- **Directions**
Beginning with the line that contains "中國節(jié)能環(huá", restate each line below through the final one exactly, and exclude the pictures.

- **Dataset extract**
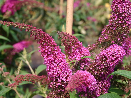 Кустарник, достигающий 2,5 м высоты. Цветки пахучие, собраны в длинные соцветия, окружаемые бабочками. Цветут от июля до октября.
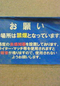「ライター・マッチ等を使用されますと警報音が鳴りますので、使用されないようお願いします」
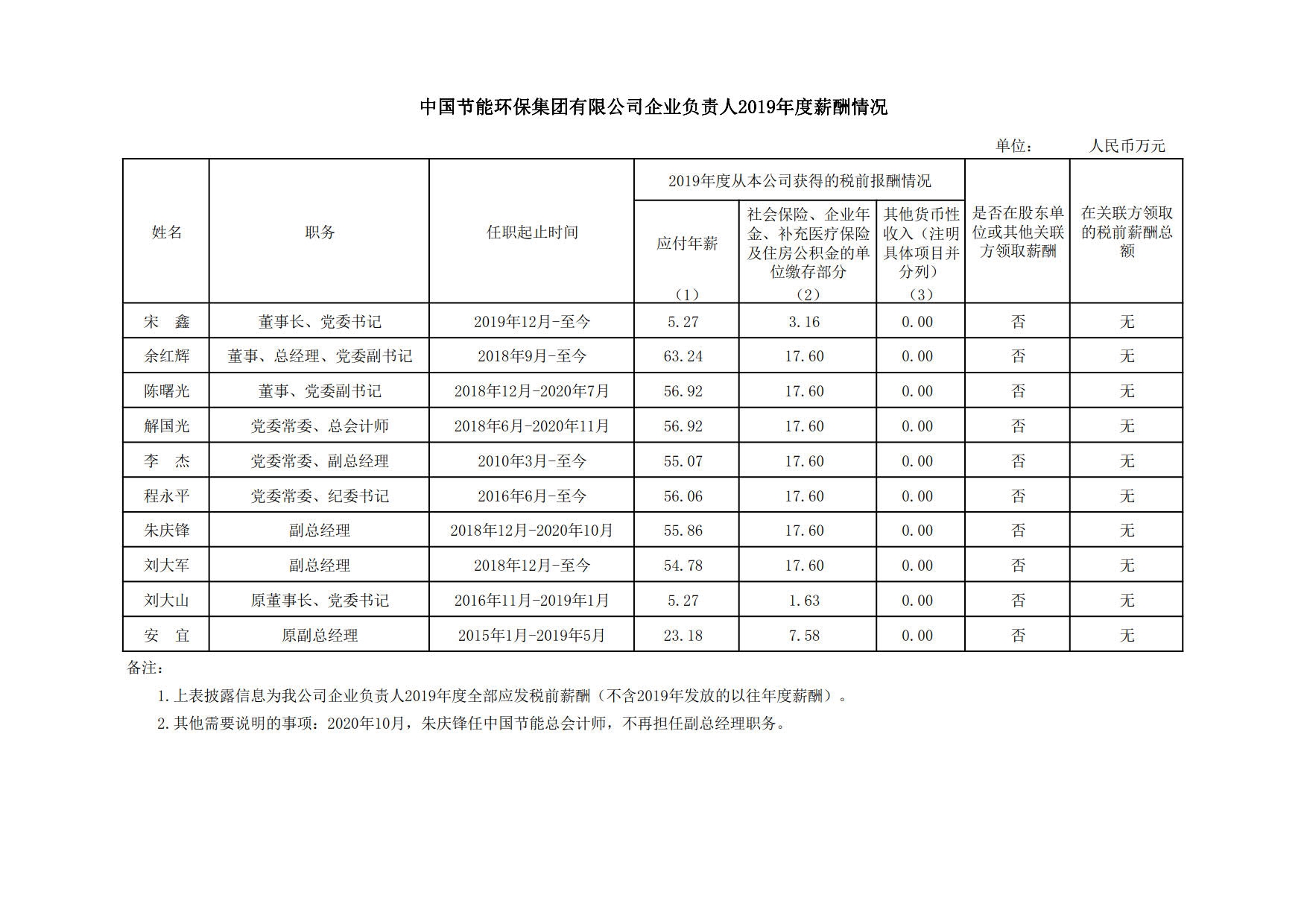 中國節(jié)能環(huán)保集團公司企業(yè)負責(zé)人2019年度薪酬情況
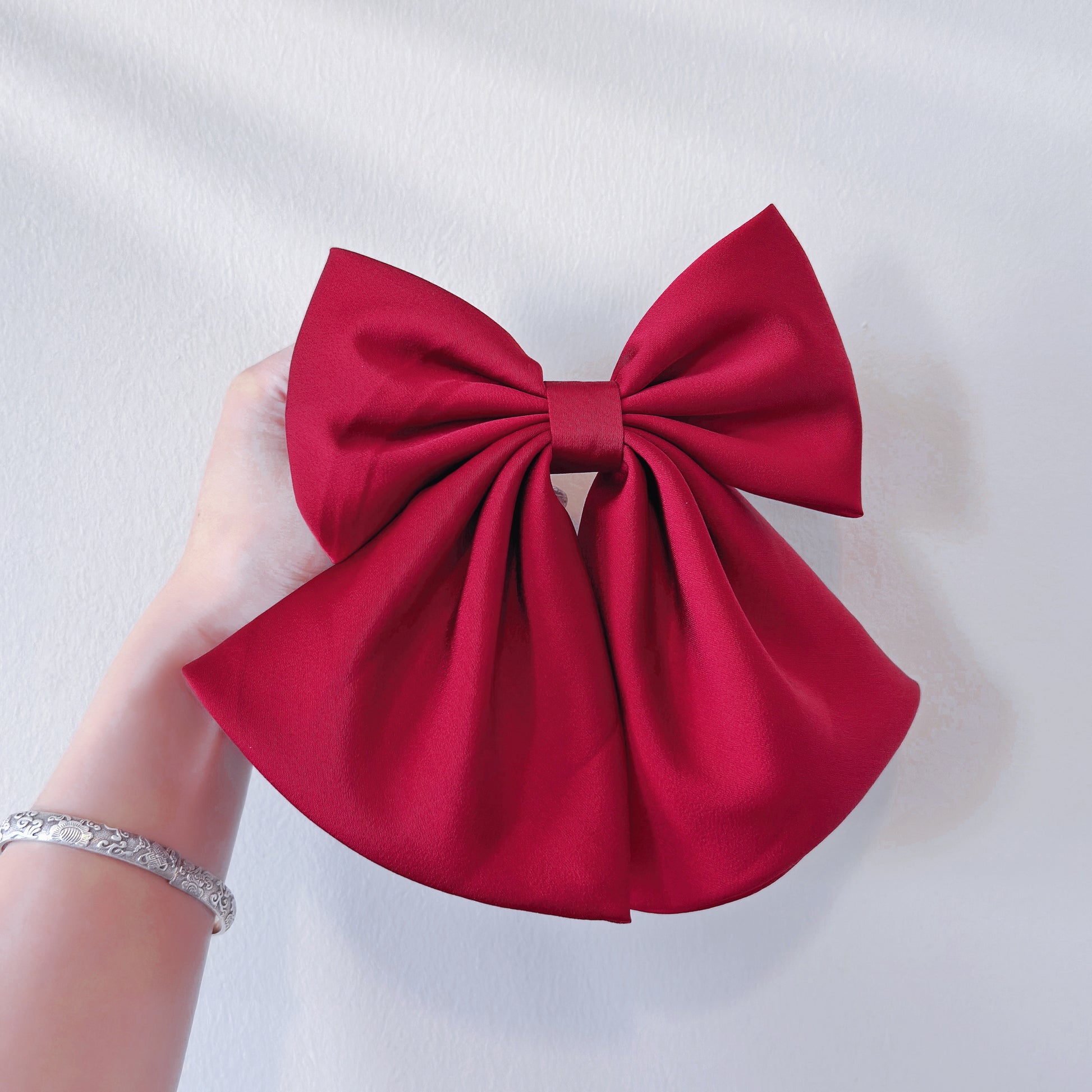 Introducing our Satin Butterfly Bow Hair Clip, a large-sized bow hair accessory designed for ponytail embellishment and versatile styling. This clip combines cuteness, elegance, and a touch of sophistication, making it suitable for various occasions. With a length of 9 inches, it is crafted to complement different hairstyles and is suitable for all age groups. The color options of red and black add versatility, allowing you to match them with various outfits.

- **Problem solution**
 中國節(jié)能環(huán)保集團公司企業(yè)負責(zé)人2019年度薪酬情況
 Introducing our Satin Butterfly Bow Hair Clip, a large-sized bow hair accessory designed for ponytail embellishment and versatile styling. This clip combines cuteness, elegance, and a touch of sophistication, making it suitable for various occasions. With a length of 9 inches, it is crafted to complement different hairstyles and is suitable for all age groups. The color options of red and black add versatility, allowing you to match them with various outfits.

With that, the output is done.